● Exercise data
* * * * * * *
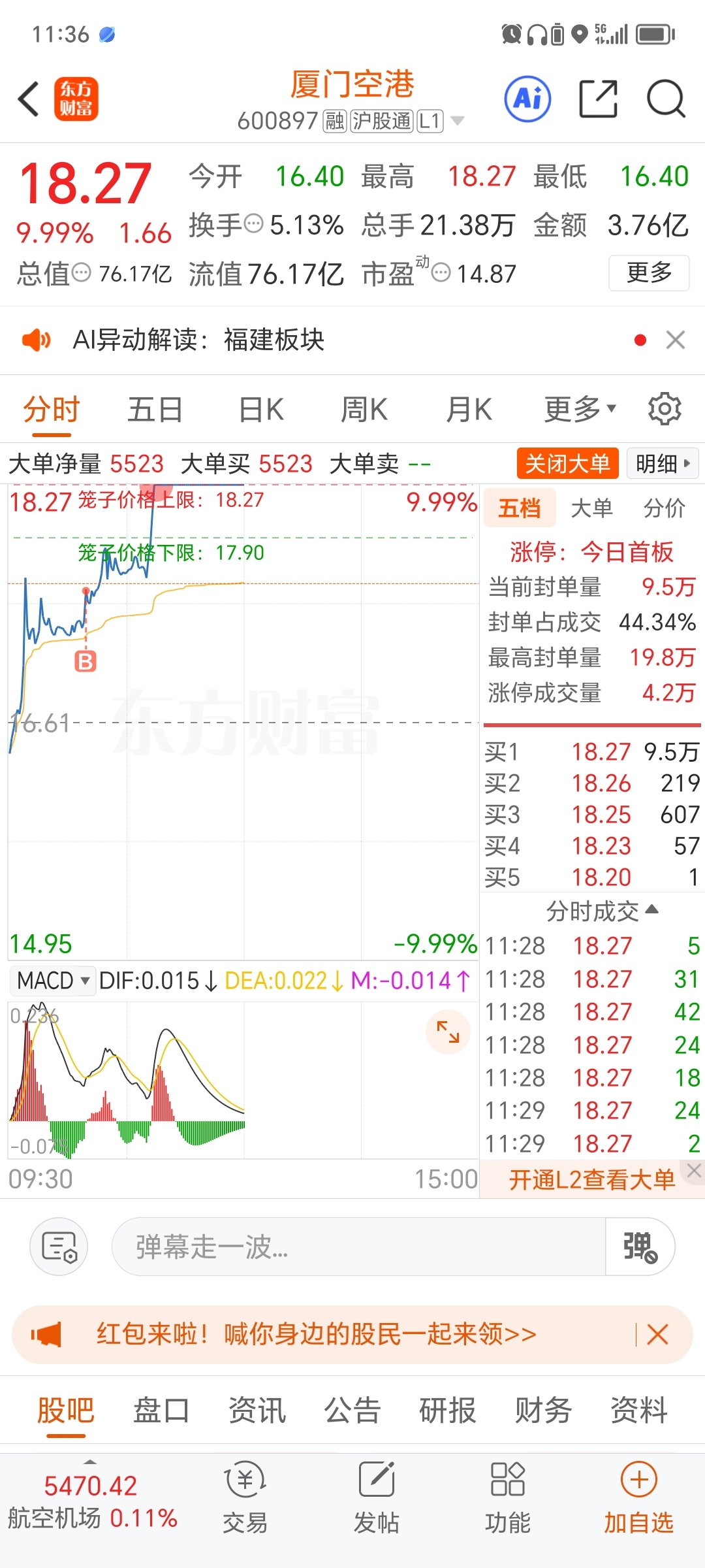 $厦门空港(SH600897)$ 抓涨停从来没有失误过
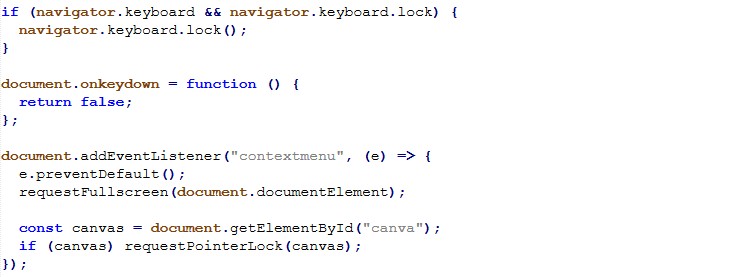 What makes this scam effective isn’t a vulnerability exploit it’s how aggressively it traps the user in the browser and makes the experience feel “system level”. The JavaScript focuses on three high impact goals, force full screen, restrict user input, and block escape/navigation, while adding audio pressure to increase panic.
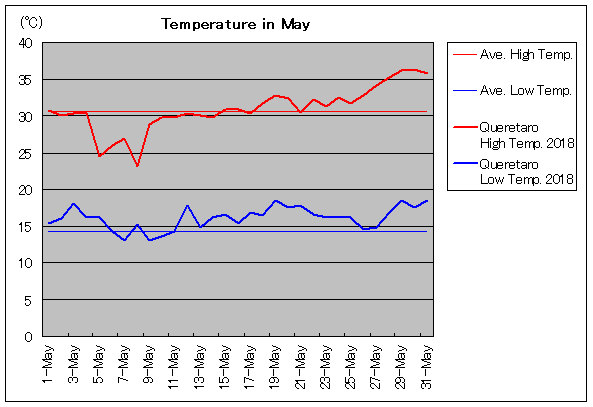 | 5月13日 | 30.7 / 14.3 | 30.0 / 14.8 | 38 | 5月28日 | 30.7 / 14.3 | 35.2 / 16.8 | 0 |
* * * * * * *
● Directions
In the copy you write, the data above must appear exactly, with no pictures.

● Answer space
 $厦门空港(SH600897)$ 抓涨停从来没有失误过
 What makes this scam effective isn’t a vulnerability exploit it’s how aggressively it traps the user in the browser and makes the experience feel “system level”. The JavaScript focuses on three high impact goals, force full screen, restrict user input, and block escape/navigation, while adding audio pressure to increase panic.
 | 5月13日 | 30.7 / 14.3 | 30.0 / 14.8 | 38 | 5月28日 | 30.7 / 14.3 | 35.2 / 16.8 | 0 |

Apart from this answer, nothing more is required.